Thursday, February 19, 2015

Jessica's Lemon Meringue Pie Filling

Filling:
1 c. sugar
2 T. flour
4 T. cornstarch
1/4 t. salt
1 1/4 c. water
1/2 c. lemons (usually 3)
lemon zest...I usually zest 1-2 of the lemons before squeezing
4 egg yolks, beaten
2 T. butter

Meringue:
4 egg whites
6 T. white sugar

Directions:
(with this recipe, it goes really fast, so have all ingredients ready before you start!)In a saucepan, combine 1 c. sugar, flour, cornstarch, salt. Mix in water, juice and zest. Cook over medium high, stirring often, until is boils. Stir in butter. Place egg yolks in small bowl and gradually whisk in 1/2 c. hot sugar mixture. Whisk this mixture back into your saucepan. Bring to a boil, stirring constantly until thick. Pour filling into a baked shell.

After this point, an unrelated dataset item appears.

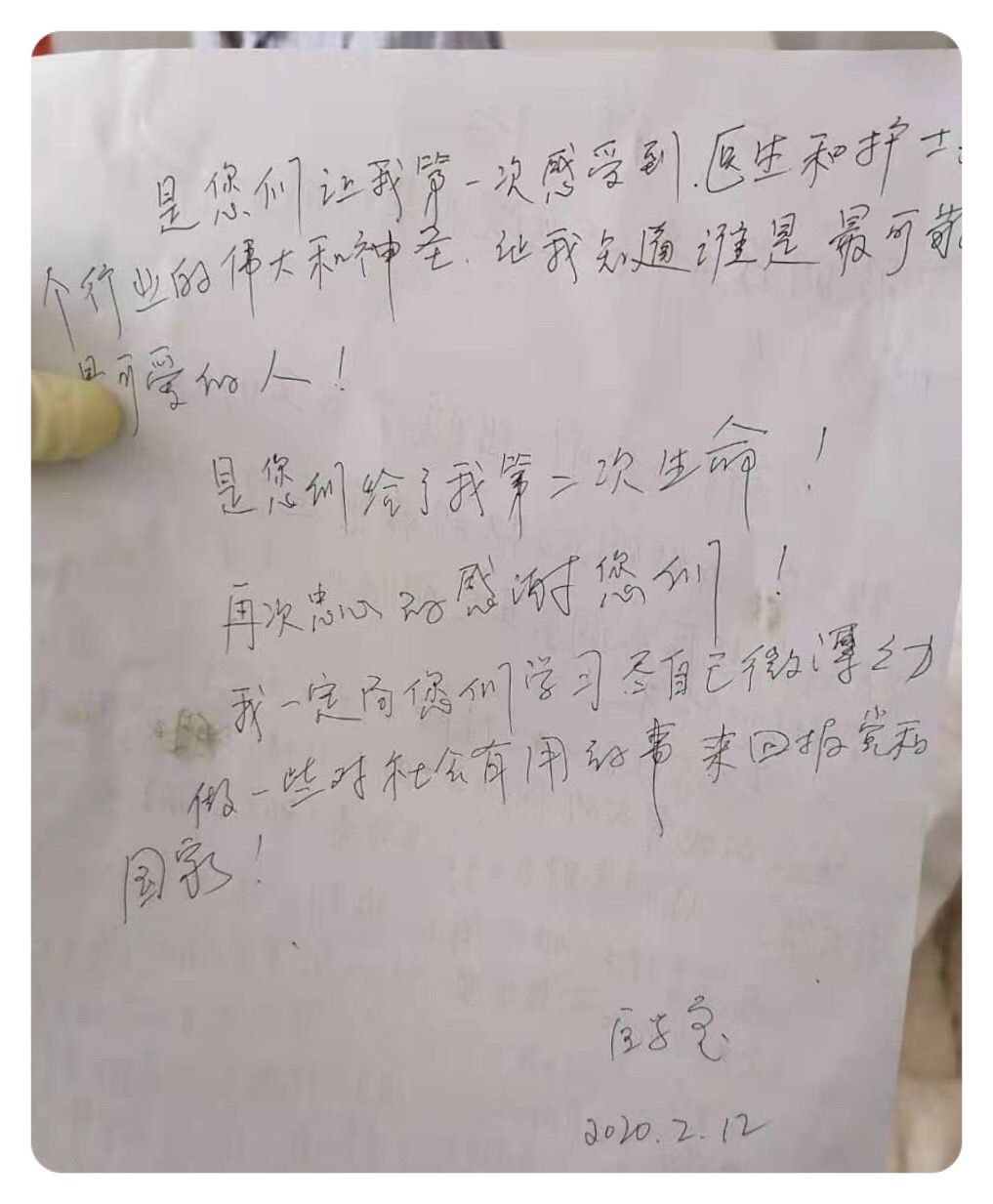 【疫情捷报】我市第二例新冠肺炎患者出院 患者手写感谢信致敬我院医务团队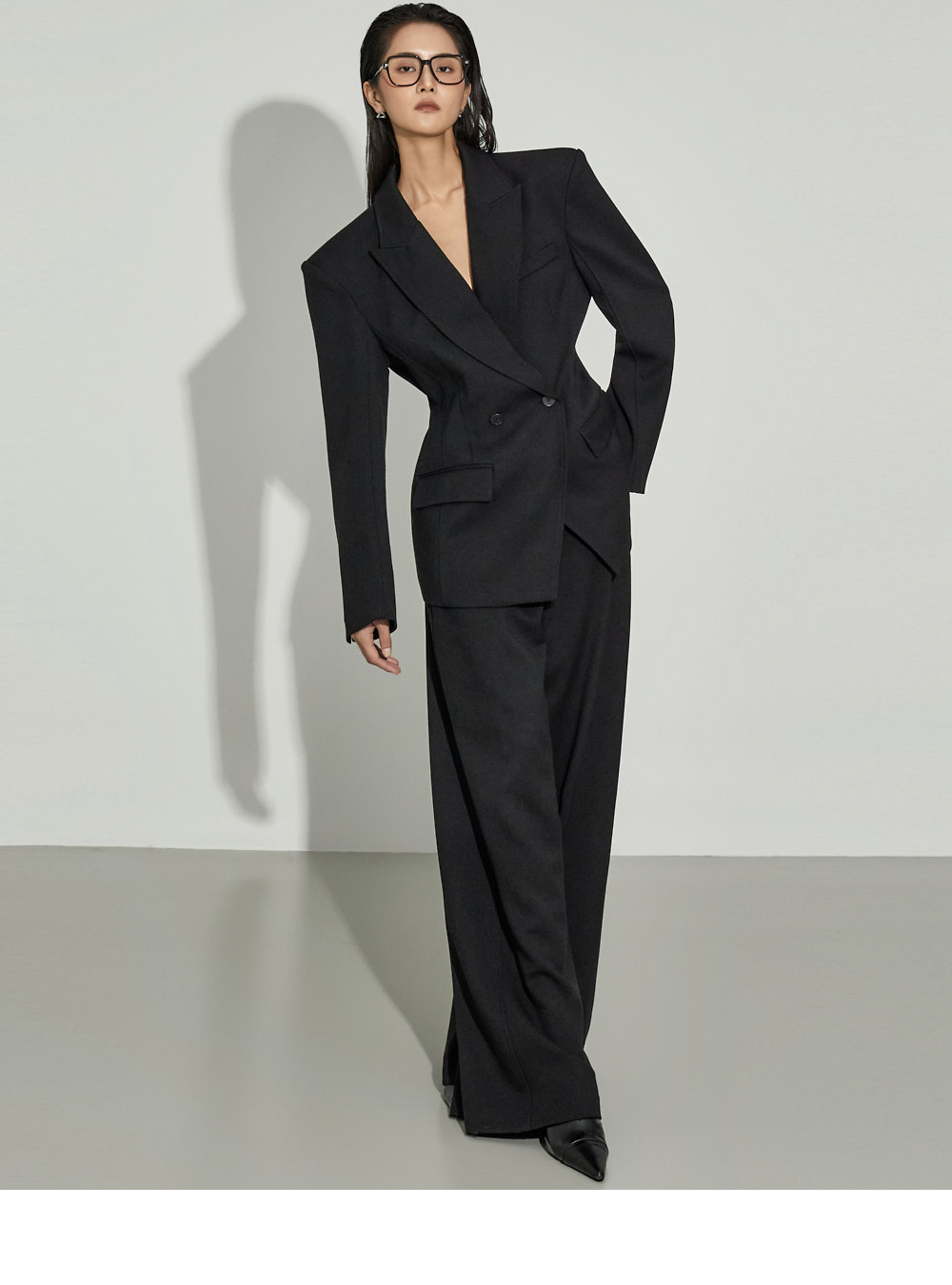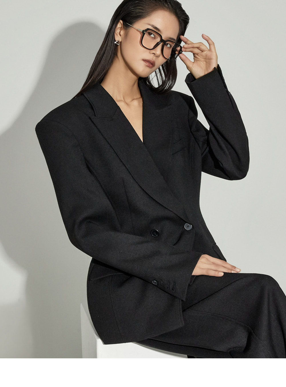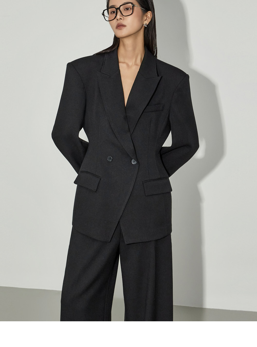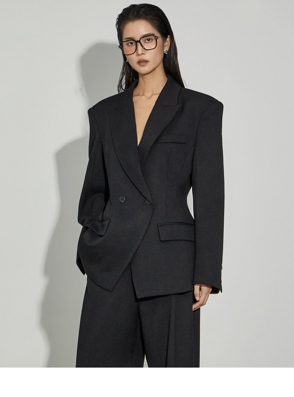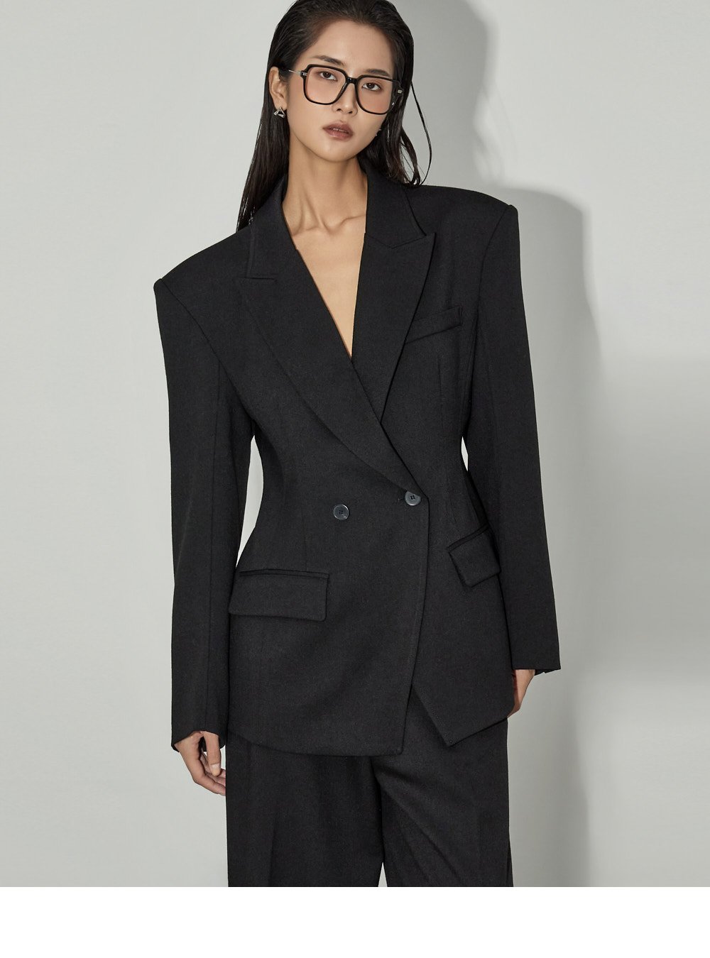 现代风格双扣垫肩西装外套。采用聚酯纤维、氨纶和人造丝混纺面料制成,兼具挺括与柔韧的穿着感,厚度适中,适合换季穿着。适度肩垫与修身版型勾勒干净利落的轮廓,前襟双扣设计与简洁细节营造端庄精致的印象。两侧口袋与胸部假口袋提升实用性与设计完整度,可轻松搭配西裤、半身裙或牛仔裤。171CM 模特穿 ONE 码,黑色。

Then whip egg whites until very stiff (you cannot get a stiff egg white if any fats--like egg yolk--come into contact with the whites, so be very careful and rinse beater extremely well, if you've used it for anything else.). Add the 6 T. of sugar while you are beating the whites. Place on top of filling, sealing edges and making the meringue stand up in foamy waves (everyone is very impressed with this!). Bake at 350 degrees for 10 minutes, until the meringue begins to brown.